Not only do Shiphrah and Puah engage the hard work of laboring with mothers in their most vulnerable moments, fully present and bearing witness to the new life being born in them, they bear witness to the new life being born in an entire nation. In the groans and pains of labor; in the throes of violence and oppression, even in these shadowy spaces God is working to bring new life.
And these midwives not only have a front-row seat to witness what God is up to, they partner with God in bringing it to life.
In the Christmas episode of the very first season of Call the Midwife, we meet Mrs. Jenkins, reclusive and wrecked with the years’ old pain of losing multiple children in a workhouse after the blitz in WWII. Mrs. Jenkins is discovered living in a condemned building near Nonnatus house. The midwives, who also serve their community as home visit nurses, are invited into the space of this heart-broken, reluctant, fear-filled woman. Jenni and Sister Evangelina prepare a bath, and Jenni struggles to get Mrs. Jenkins shoes off and discovers that they are literally stuck to her skin. Sister Evangelina, always the pragmatist, suggests Vaseline, and they are able to pull the shoe off. Her foot, dirty, bloodied, toenails overgrown and mis-shapen, is revealed and Mrs. Jenkins looks away in horror. “They shame me,” she mumbles through tears, and Sister Evangelina replies, “No. Not anymore.” They slowly and gently help Mrs. Jenkins peel off layer after layer of soiled clothing, as a lone soprano voice sings, “O Come oh Come Emmanuel, and ransom captive Israel.” They bathe her with the utmost care and respect for her dignity as the voice continues, “that mourns in lowly exile here…until the son of God appears. Rejoice, rejoice. Emmanuel. Shall come to thee oh Israel.”

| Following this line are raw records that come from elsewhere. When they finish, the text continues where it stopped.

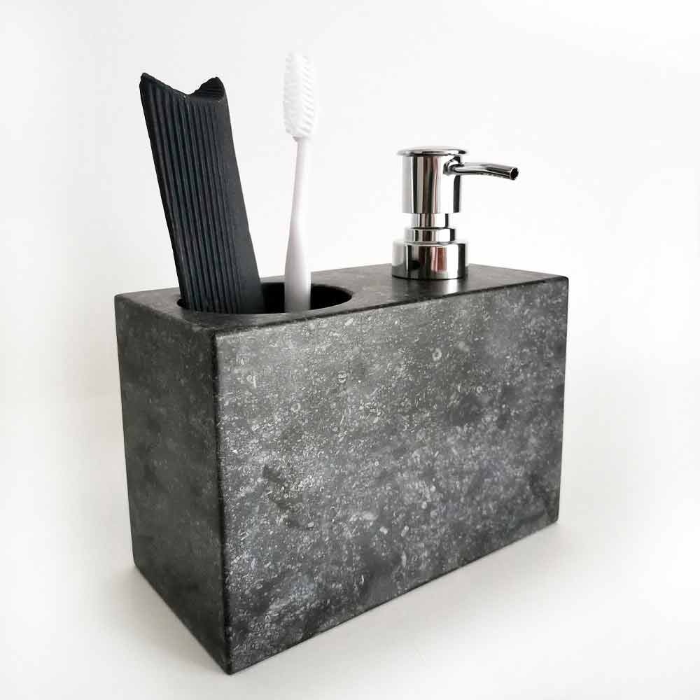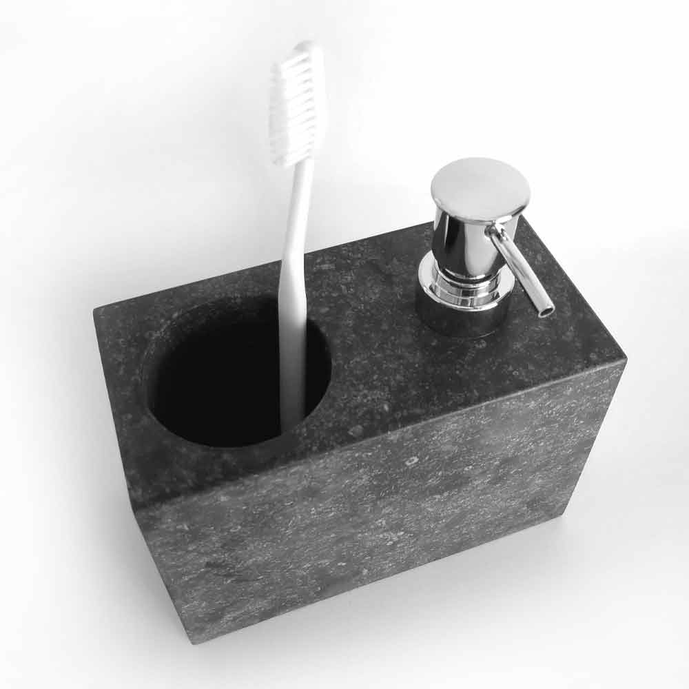 Dispensadores de jabón líquido con orificio para cepillos de dientes y pasta dentífrica fabricados artesanalmente en mármol negro con veteado en tonos grises en acabado pulido obtenido mediante procesos artesanos específicos que tratan el producto en detalle y aportan aún más calidad. Su diseño geométrico y líneas simples hacen del producto la opción ideal para completar el mobiliario de baños con un gusto minimalista y moderno, combinando el aspecto decorativo con el funcional.
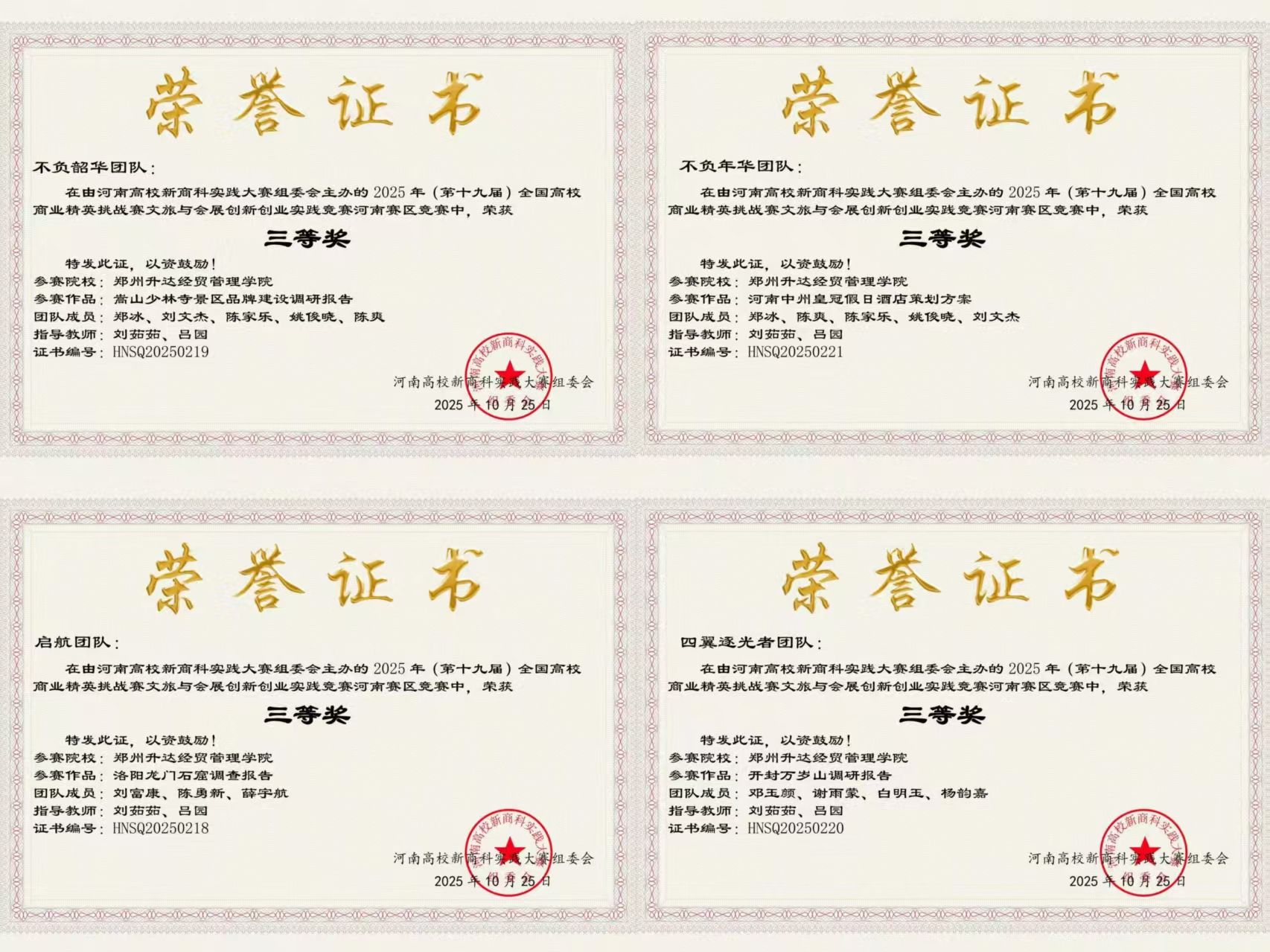 2025年9月27日,第十九届全国高校商业精英挑战赛文旅与会展创新创业实践竞赛河南省赛圆满落幕。郑州升达经贸yL23411永利集团官网学子在赛事中奋勇争先,凭借扎实的专业功底、创新的实践方案与默契的团队协作脱颖而出,斩获多项荣誉,充分展现了公司应用型人才培养的丰硕成果与学子们的青春风采。
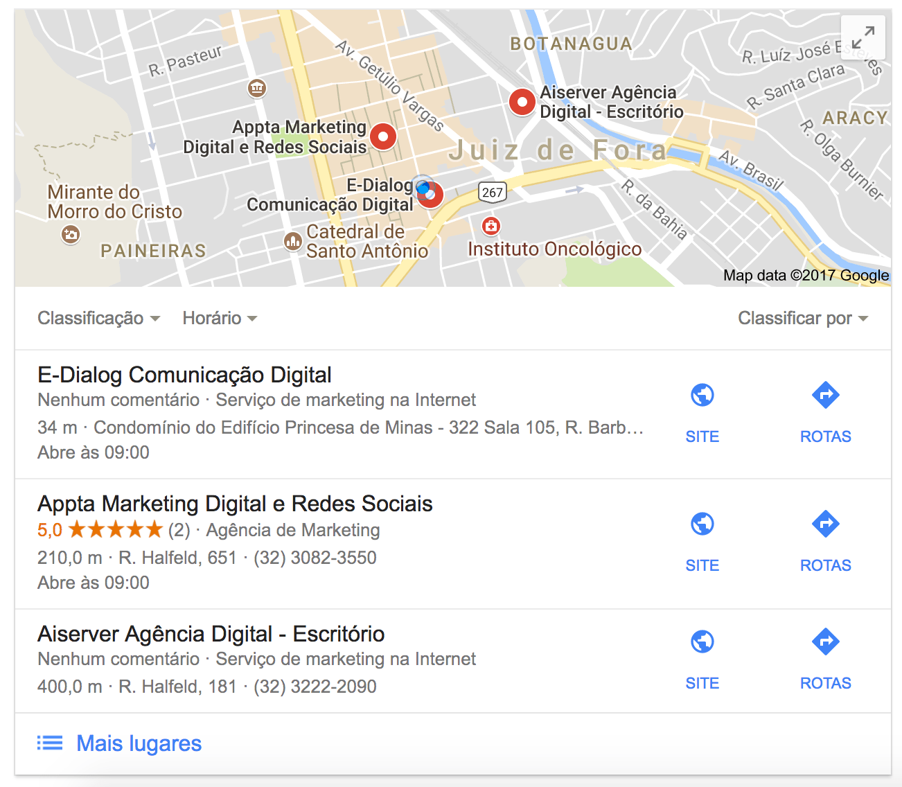 Aqui está um exemplo de Pacote Local de “agência de marketing digital em Juiz de Fora”
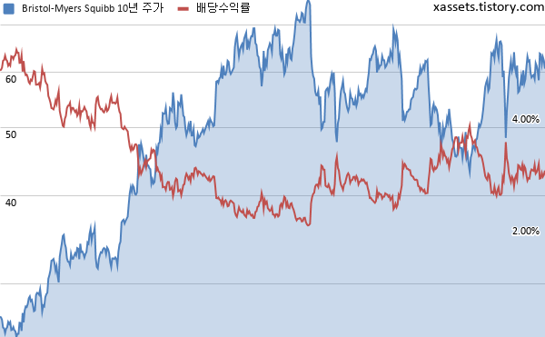 브리스톨-마이어스 스퀴브 배당수익률 및 주가 차트 (2002년~2021년)
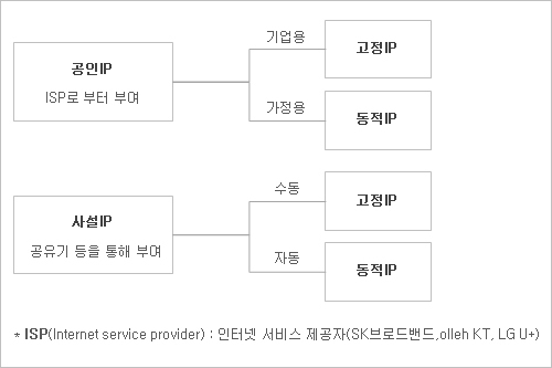 * 기업용 : 인터넷 상에서 서버를 운영하기 위해서는 따로 기업회원으로 가입하여 고정 IP인 공인 IP를 부여받아야 한다.
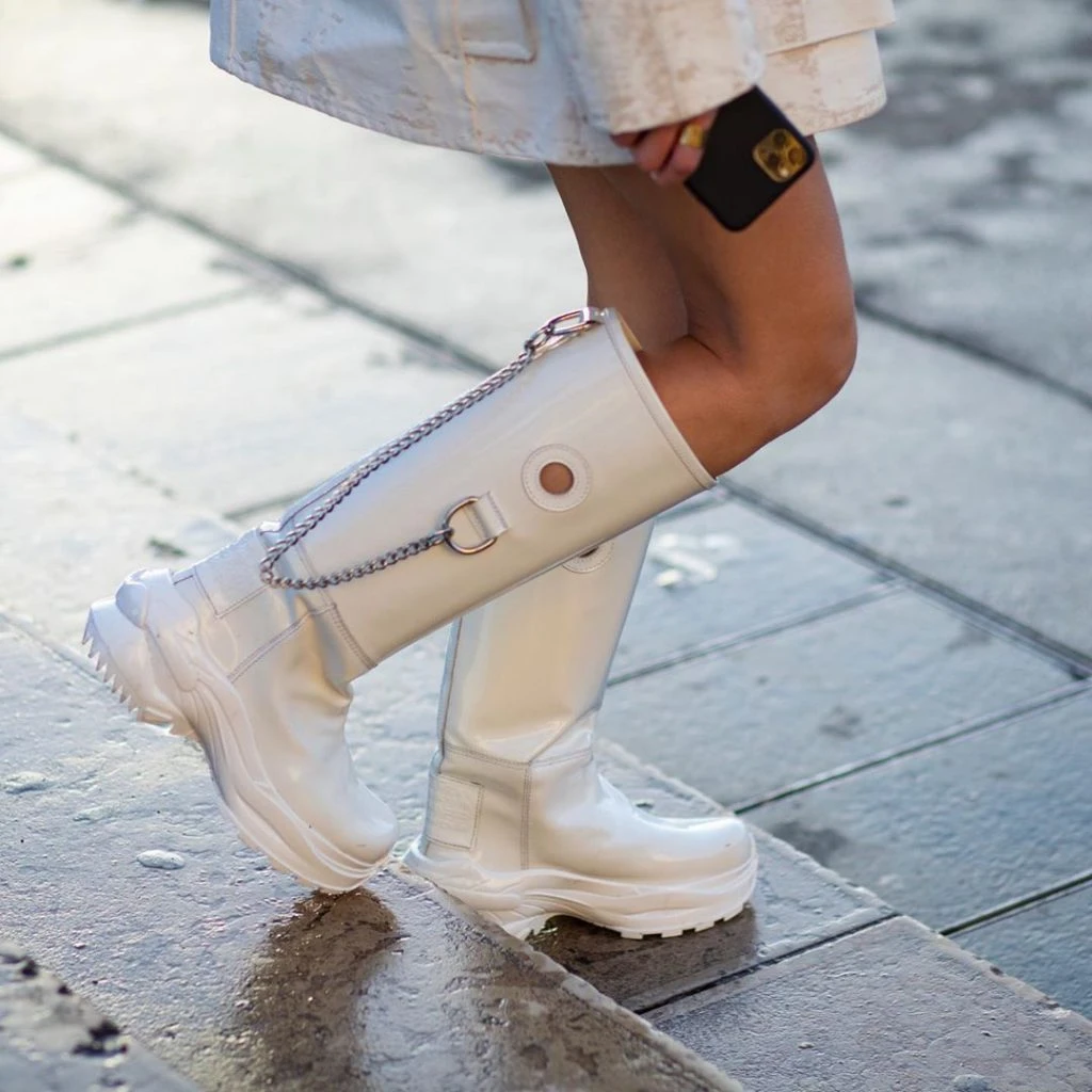 A unas botas de lluvia de color blanco, se le sumó una cadena plateada y un círculo a los laterales. ¿Te animás?

Though not under oppression or occupation by Egypt, Poplar is a community filled with the oppression of poverty, disease, and hunger, forgotten and overlooked, oppressed by the systems that have failed to care for the most vulnerable among them. Like Shiphrah and Puah, these midwives engage the hard work of laboring with a community, fully present and bearing witness to both tragic death and new life being born in them. And like Shiphrah and Puah these midwives not only have a front-row seat to witness what God is up to, even in the most shadowed spaces, they partner with God in bringing it to life.
The stories of Shiprah and Puah and the sisters and midwives of Poplar seem almost prophetically relevant today, yes?
Sisters and brothers, we are standing on the edge of a precipice. In churches, neighborhoods, cities, counties, and states all over this country, people of color, specifically our Black and African American sisters and brothers, are crying out for justice. Are we going to dive off the precipice into the unknown – into the uncomfortable work of dismantling our own racist ideas and the racist policies that perpetuate systems of oppression? Into the long, hard work of listening, the long, hard journey of walking-alongside? Or are we going to turn around – finding a more convenient way forward?
God is always bringing forth new life in us and around us.
Who will bear witness?
Who will say yes to God and no to the powers and principalities that kill and destroy? Who will be present in the pain and the waiting?
Who are the midwives in your life?
Is God raising you up as a midwife in someone else’s life?
May we allow our grief and righteous anger to fuel our hope – hope that God is working to make all things new. And may we have the courage to dive into the spaciousness of the unknown – knowing that it is in that very space God dwells.